**Your goal:** Without the pictures, output all of the data exactly.

Dataset extract: Begin

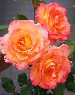 Роза Fairest Cape (Фейрест Кейп). Новая чайно-гибридная роза очень яркой окраски. Завоевала золотую медаль в Баден-Бадене в 2004 г. Цветки абрикосово-желто-оранжевые, появляются обычно в кистях по 4-6 шт, густомахровые, очень ароматные. Листва темно-зеленая, густая. Куст ветвистый, достигает 80 см в высоту.
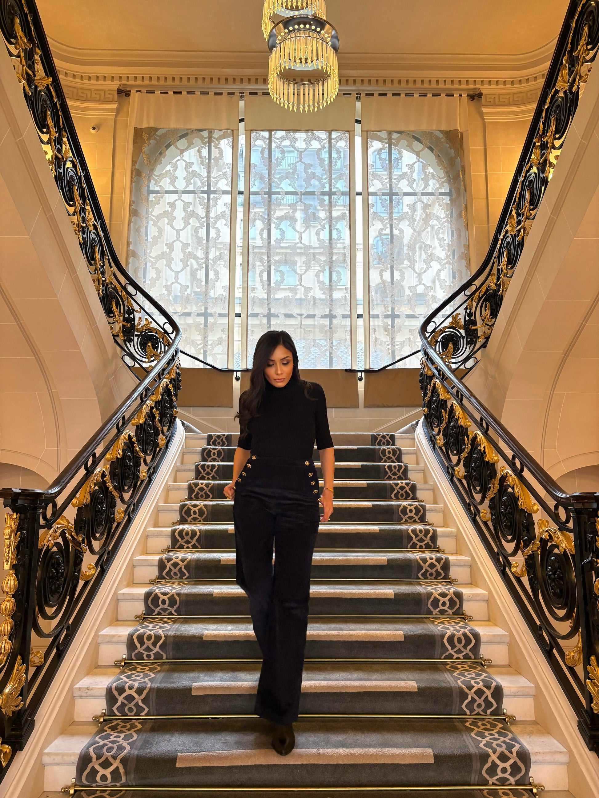 Pantalon en velours côtelé à taille haute, doté d’une coupe évasée élégante qui allonge la silhouette. Idéal pour l’hiver, il est confectionné dans un velours issu d’une grande maison de luxe, offrant à la fois douceur et tenue. Les boutons dorés raffinés soulignent la taille et apportent une touche sophistiquée.
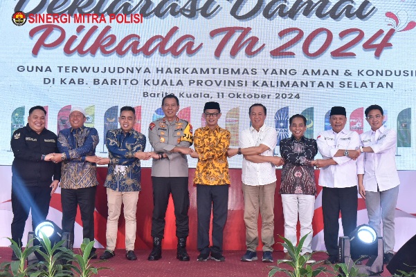 Kepolisian Daerah Kalimantan Selatan (Polda Kalsel) menggelar acara Deklarasi Pilkada Damai tahun 2024 Kabupaten Barito Kuala (Batola). Kegiatan tersebut berlangsung di Aula Jamhuri Aisyah, Jalan Trans Kalimantan, Kelurahan Handil Bakti, Kecamatan Alalak, Kabupaten Batola, Jumat (11/10/2024) malam.

Dataset extract: End

**Problem solution:**
 Роза Fairest Cape (Фейрест Кейп). Новая чайно-гибридная роза очень яркой окраски. Завоевала золотую медаль в Баден-Бадене в 2004 г. Цветки абрикосово-желто-оранжевые, появляются обычно в кистях по 4-6 шт, густомахровые, очень ароматные. Листва темно-зеленая, густая. Куст ветвистый, достигает 80 см в высоту.
 Pantalon en velours côtelé à taille haute, doté d’une coupe évasée élégante qui allonge la silhouette. Idéal pour l’hiver, il est confectionné dans un velours issu d’une grande maison de luxe, offrant à la fois douceur et tenue. Les boutons dorés raffinés soulignent la taille et apportent une touche sophistiquée.
 Kepolisian Daerah Kalimantan Selatan (Polda Kalsel) menggelar acara Deklarasi Pilkada Damai tahun 2024 Kabupaten Barito Kuala (Batola). Kegiatan tersebut berlangsung di Aula Jamhuri Aisyah, Jalan Trans Kalimantan, Kelurahan Handil Bakti, Kecamatan Alalak, Kabupaten Batola, Jumat (11/10/2024) malam.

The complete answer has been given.